Earthquake
A few days ago, we had an earthquake. At the time, I thought it was the concussion of a distant explosion or possibly a serious malfunction in one of the systems located beneath my feet in the basement of a house I still do not entirely trust. When I talked with neighbors and others who felt it, each had a different description, but none of us knew at the time that it was an earthquake. Having lived in the San Francisco Bay area as a child, I recalled the rolling tremors that had shaken my toys and books. By comparison, this was not an earthquake to me.
A short while later, the text messages and phone calls began to roll in. “You just had an earthquake, you idiot!” pointed out my well-connected but distant offspring. They had the data and coordinates to prove it. The NGS confirmed it. Google Earth measured it: 2.9, centered 6.8 miles from here and 5 miles deep. Cold, hard data. There’s an app for that
Next came the questions: what should we be doing about this? What does the data tell us to do? Are there things we should check? Did it damage anything I/we are responsible for? What about the dam that holds in the lake we live on? Is there a contingency plan to go with this data?
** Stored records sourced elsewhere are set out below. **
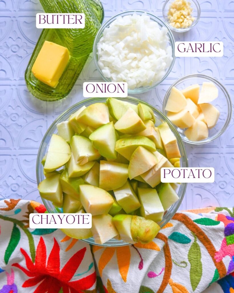 With simple ingredients and an easy-to-follow recipe, even a novice cook can make a delicious batch of sopa de chayote! All you need is: butter, olive oil, onion, garlic, chayote squash, potato (optional, but helps thicken the soup), chicken or vegetable broth, salt, and chili flakes (optional).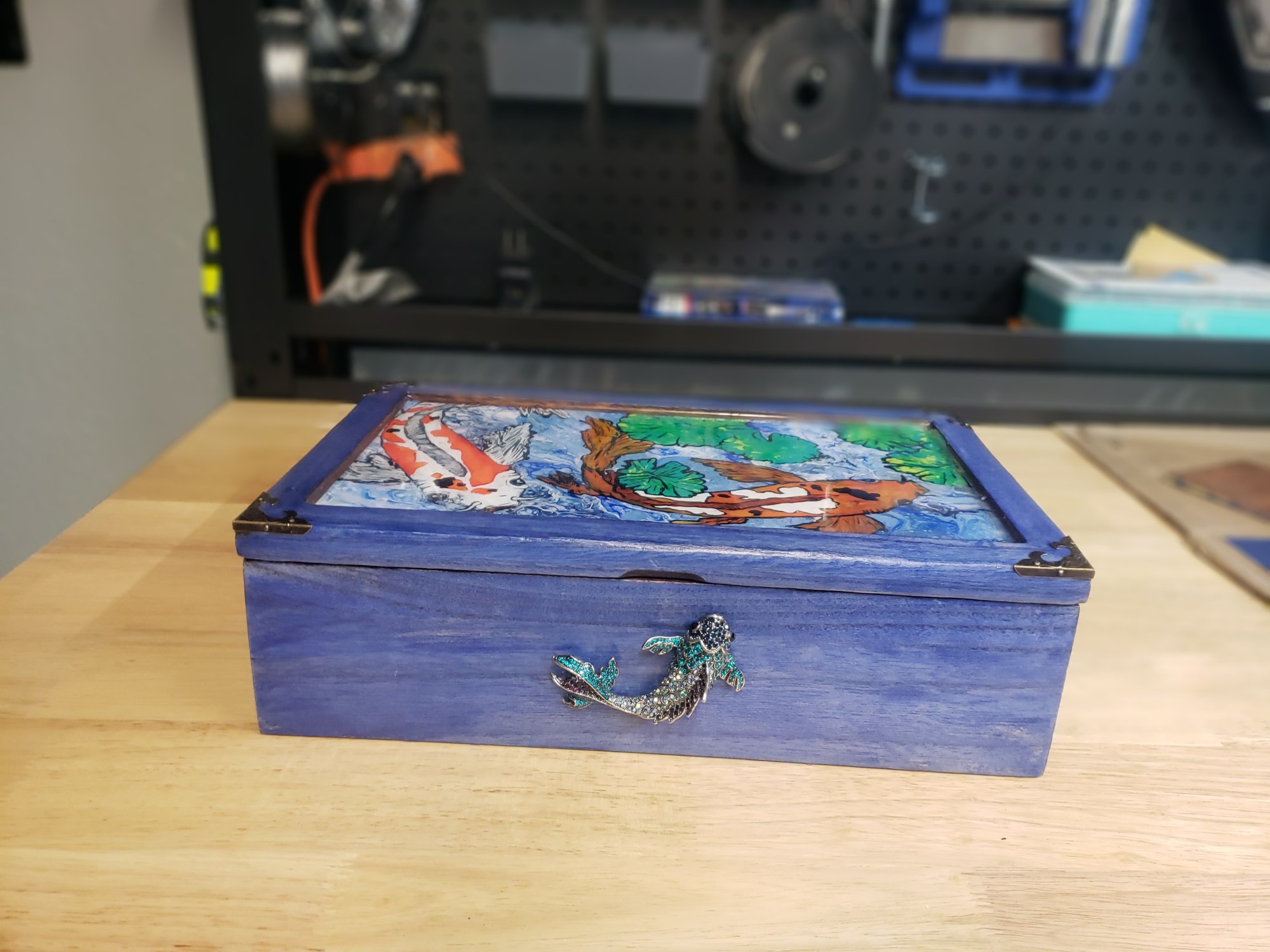 Koi design Drawn, painted, original, one of a kind tea box. Made with mostly walnut. Bottom is pine. Hand painted and then sealed with food safe resin.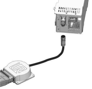 Please see the following for assembling the Base-Mounted Range Extender, 40m, the OEM Control Box, and the robot arm. DO NOT USE the 40 meter cable with UR standard controllers as the use voids certifications. Do not extend the 40 meter cable with other cable options. Unroll the cable before assembling. There is a label on one end of the cable. This end goes to the Range Extender Box, CB side. If you are creating a welding solution, the bottom of the Robot Base part of the Range Extender must be isolated from the welding currents. |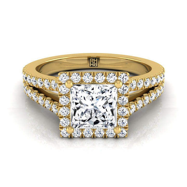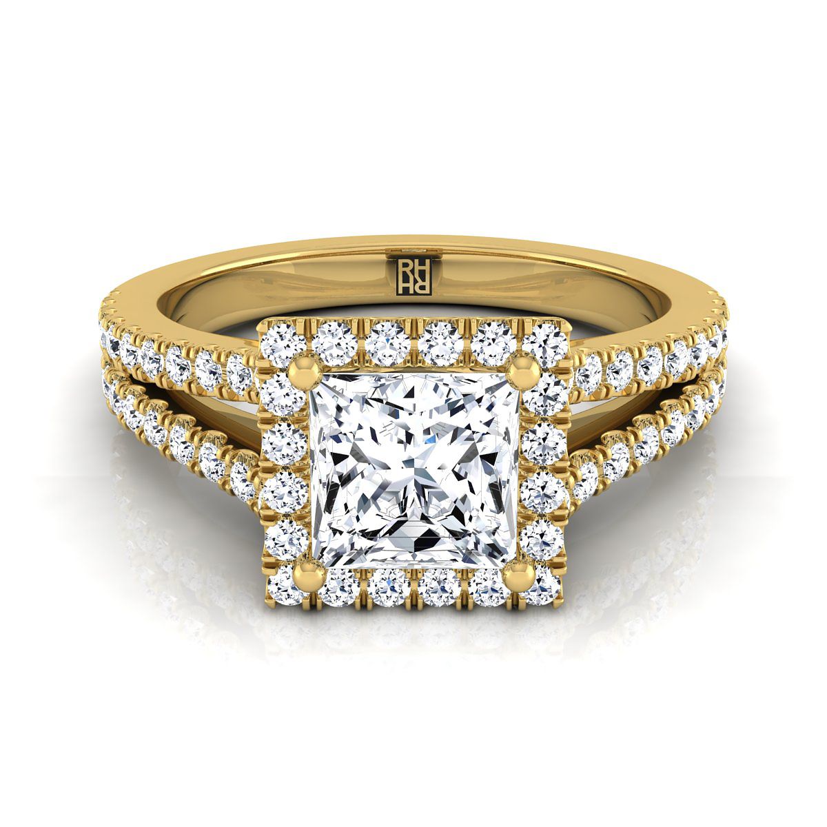 แหวนหมั้นทองคำเหลือง 14K ประดับเพชรทรงเจ้าหญิงแบบฮาโลกลาง พร้อมชิ้นแยกแบบฝรั่งเศสประดับเพชร 3/8 กะรัต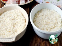 Отварной рис выложить в смазанную сливочным маслом форму для запекания. У меня две небольшие формы. |

Shortly after that, a final question: did this earthquake even matter? We have all sorts of accounts, impressions, and hard data. We have post-surveys, inspections, and discussions. And, when it comes down to it, it really does not matter. But at the time, it did. For a brief period, we needed the data to answer our questions and confirm/deny our worries. Without a more distant perspective, we did not even realize the truth about something potentially major. (BP certainly knows about lacking perspective from up-close at the time of an event.)
I still wonder which experience is more real: feeling it or measuring it..or combining the feeling with the data after the fact? In a classroom, how do a teacher and a student feel and measure the earthquakes of learning and know whether they matter?
I live in San Diego and can relate to the earthquakes. Last month, we had a few and one was as high as 5.9. It was like being on a roller coaster. My husband loved it, me not so much.
I am troubled and in agreement of you thought of Without a more distant perspective, “we didn’t even realize the truth about something potentially major”.
Especially in light of the recent budget cuts, common core standards, etc. What does that even mean? How will it impact the kids? Are they losing out? Will be find out much later?